CONCLUSIONS: The reference range of vitamin B12 was established, which provided a theoretical basis for the clinical application and monitoring of vitamin B12 detection.

INTRODUCTION

Vitamin B12 (cobalamin) is a complex water‐soluble vitamin, mainly available in animal protein (including meats, fish, and shellfish), which plays an important role in the process of DNA synthesis, methyl group transformation, and amino acid and fatty acid metabolism.1Vitamin B12 is essential for normal blood formation, cell synthesis, and neurological functions in the human body.2, 3, 4 Low levels of vitamin B12 can lead to diseases mainly manifested in the blood, metabolism, and nervous system, such as high homocysteinemia, anemia, paraesthesia, cognitive impairments, depression, methylmalonic acidemia, vascular dementia, and Alzheimer's disease.5, 6, 7 Vitamin B12 deficiency during pregnancy and childhood is associated with poor infant growth, impaired psychomotor function, and abnormal brain development.8 Previous studies have reported that 6% of the population ≥60 years of age in developed countries suffer from vitamin B12 deficiency (plasma vitamin B12: 148 pmol/L).
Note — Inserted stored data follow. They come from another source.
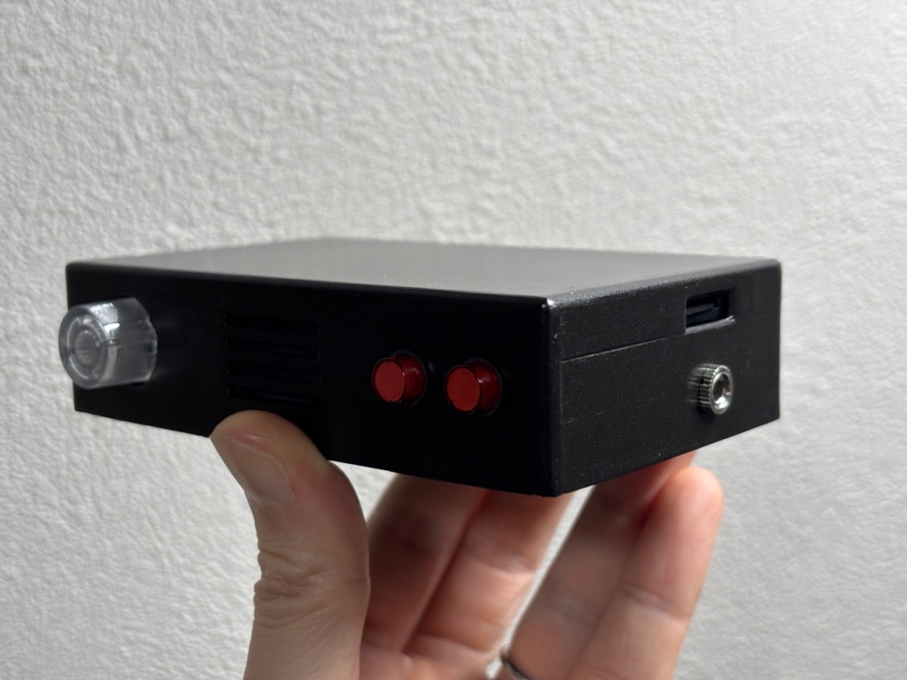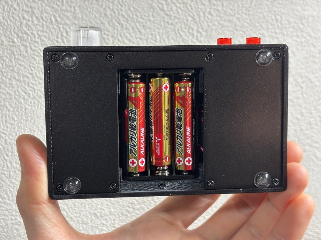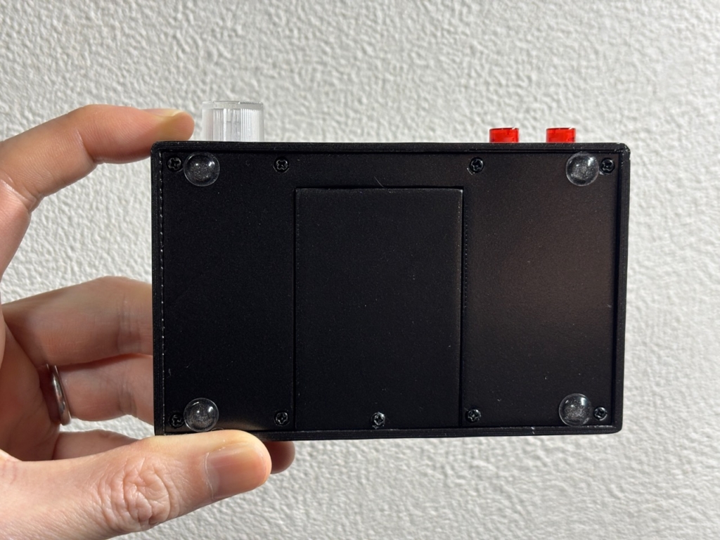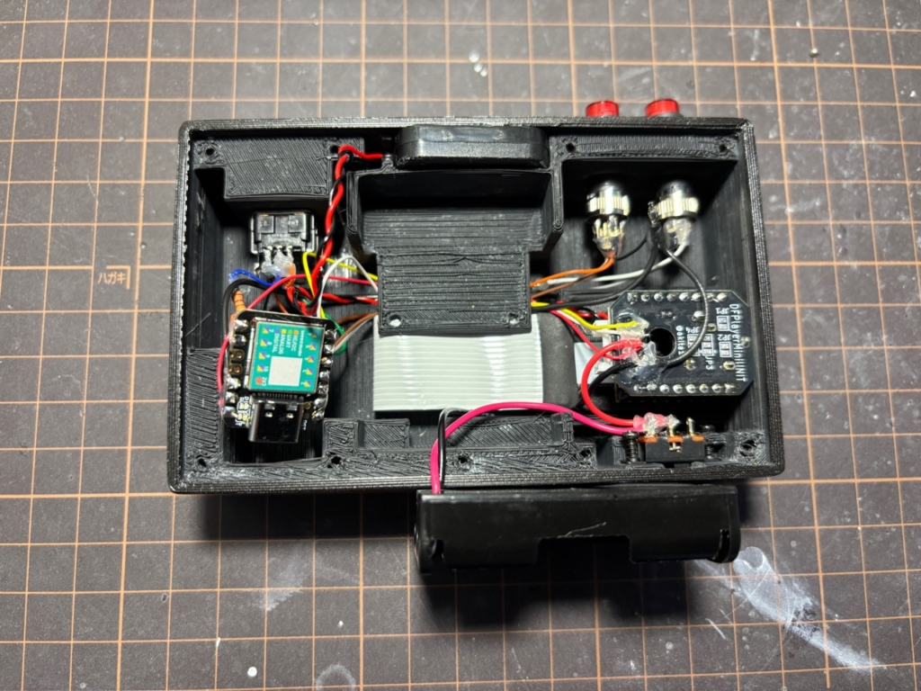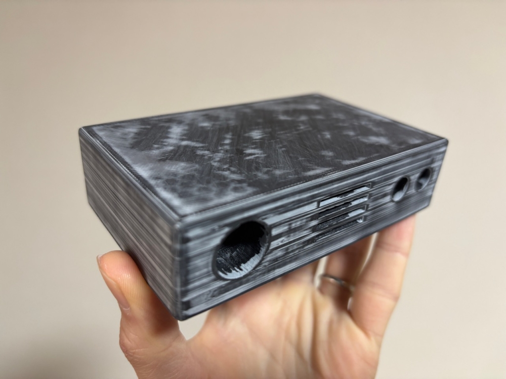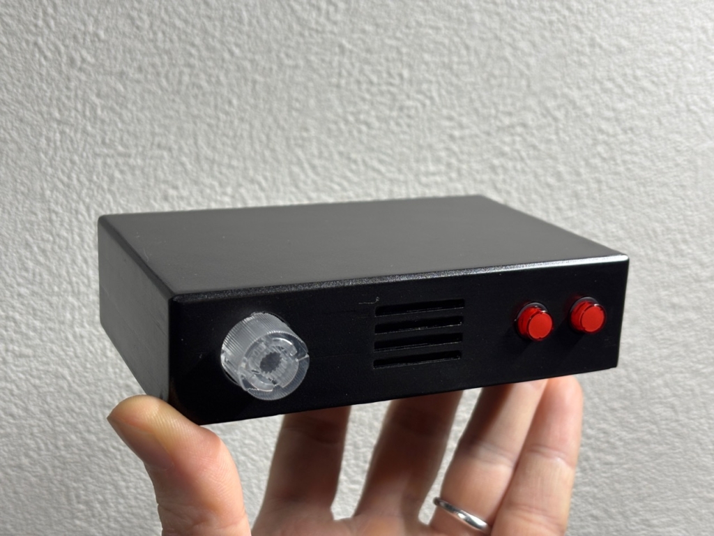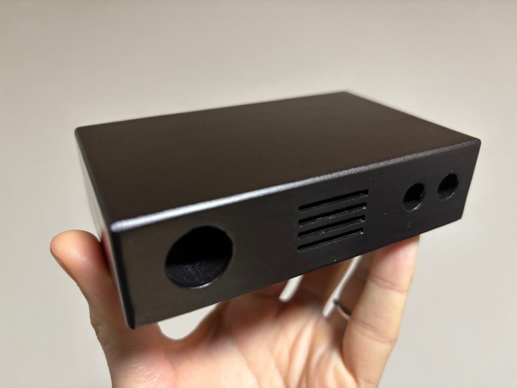 正面左がボリューム兼再生/停止ボタン、右側左がPREVボタン、右側右がNEXTボタン。見え辛いですが、真ん中にモノラルスピーカー。筐体は3Dプリンタ製です。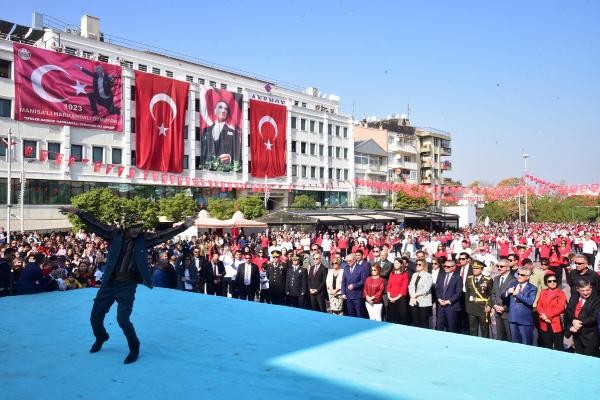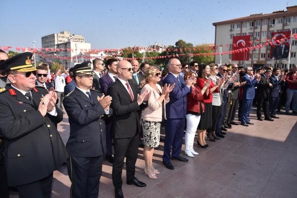 Manisa'da 29 Ekim Cumhuriyet Bayramı coşkuyla kutlanmaya devam ediyor. Sabah düzenlenen resmi programın ardından kutlamalar kapsamında, Valilik ve Büyükşehir Belediyesi öncülüğünde, Cumhuriyet Meydanı'nda '1923 Manisalı Harmandalı oynuyor' adlı etkinliği düzenlendi. Etkinliği, aralarında Vali Ahmet Deniz ve eşi Olcay Deniz, Büyükşehir Belediye Başkanı Cengiz Ergün ve eşi Şeyda Ergün, Manisa 1'inci Komando Eğitim Tugay Komutanı Albay Sebahattin Kalkan ve İl Jandarma Komutanı Tuğgeneral Selçuk Yıldırım ve vatandaşlar birlikte ilgiyle izledi. Harmandalı oyunu öncesi, çeşitli gruplar tarafından halk oyunları gösterileri sunuldu. Daha sonra meydanı dolduran 7'den 70'e her yaştan 1923 Manisalı, Harmandalı oynadı. Harmandalı etkinliğinin sonunda meydanda kurulan Büyükşehir Belediyesi standında ise, 1923 adet Mustafa Kemal Atatürk'ün 'Nutuk' adlı eseri dağıtıldı.
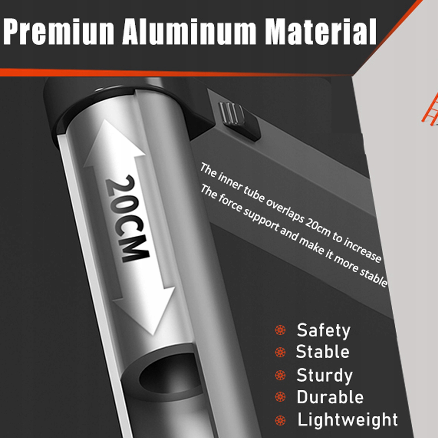 ②Телескопическая лестница изготовлена из алюминия, имеет промышленную высоту и наконечник из твердой резины, имеет сертификат безопасности EN131.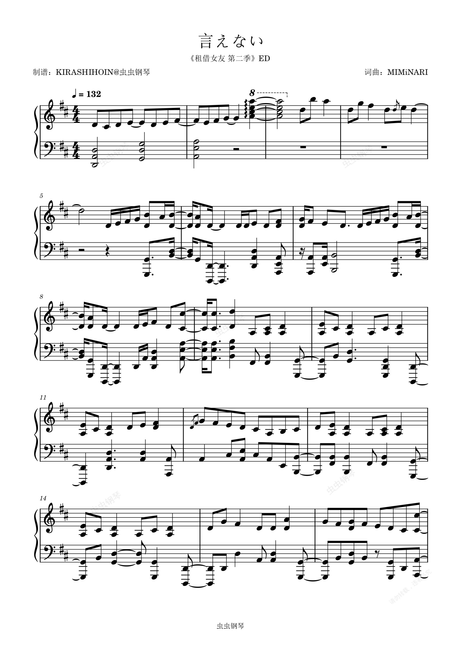 钢琴谱:言えない(《租借女友 第二季》ED/片尾曲)- MIMiNARI/asmi

The deficiency percentage is much higher in developing countries, starting in early life and persisting throughout life, with the prevalence of deficiency increasing with age.9

The detection of serum or plasma vitamin B12 is a reliable method to determine whether a patient suffers from vitamin B12 deficiency. Immunoassays have been used for the quantification of vitamin B12 since 1959, after the radioimmunoassay (RIA) was reported to be a new method for clinical laboratory analyses.10 Because of its radioactive pollution problem, RIAs have been gradually replaced by other immunoassays for vitamin B12 quantification, including the enzyme‐linked immunosorbent assay (ELISA), fluorescence immunoassay (FIA), and chemiluminescent immunoassay (CLIA).11, 12, 13 The electrochemiluminescent immunoassay (ECLIA) used by the Roche Cobas E602 system is currently the most widely used method for the detection of vitamin B12.14

The appropriate interpretation of vitamin B12 test results requires that it be compared with a reference interval (RI). All commercial kits in different clinical laboratories need their own RI. As a result, a reliable vitamin B12 RI determined from a healthy population is an essential task for clinical laboratories.15 However, the RI for vitamin B12 used in China is supplied by a second‐generation kit that was established from the European population, which is a different ethnicity than the Chinese. In addition, there has been no report about performance verification of the second‐generation ECLIA kit using the Roche Cobas E602 system. The aim of the present study was therefore to establish the RI for vitamin B12 in our clinical laboratory based on the Chinese population after performance verification of the kit.

MATERIALS AND METHODS

Subjects

A total number of 580 serum samples from routine analysis of 580 subjects, who were referred to the PLA General Hospital (Beijing, China) from March 2017 to October 2019 for a medical check‐up, were collected for the study. The inclusion criteria were as follows: reported feeling healthy, balanced diet, no malnutrition, and did not take medication containing vitamin B12. Exclusion criteria were as follows: pregnancy, intake of aspirin, anticonvulsants, colchicines, ethanol ingestion, estrogens, and contraceptive hormones; ingestion of vitamin C, vitamin B12, and vitamin A; vitamin B12 deficiency‐related diseases; other posterior ischemic optic neuropathy‐related diseases; and severe lipid, hemolysis, or jaundice samples. After screening, a total of 389 samples from healthy individuals (198 males and 191 females, ages 21‐80 years) were finally included in the establishment of the RI for vitamin B12. The study was approved by the Ethical Committee of the PLA General Hospital (Number: S2018‐007‐01).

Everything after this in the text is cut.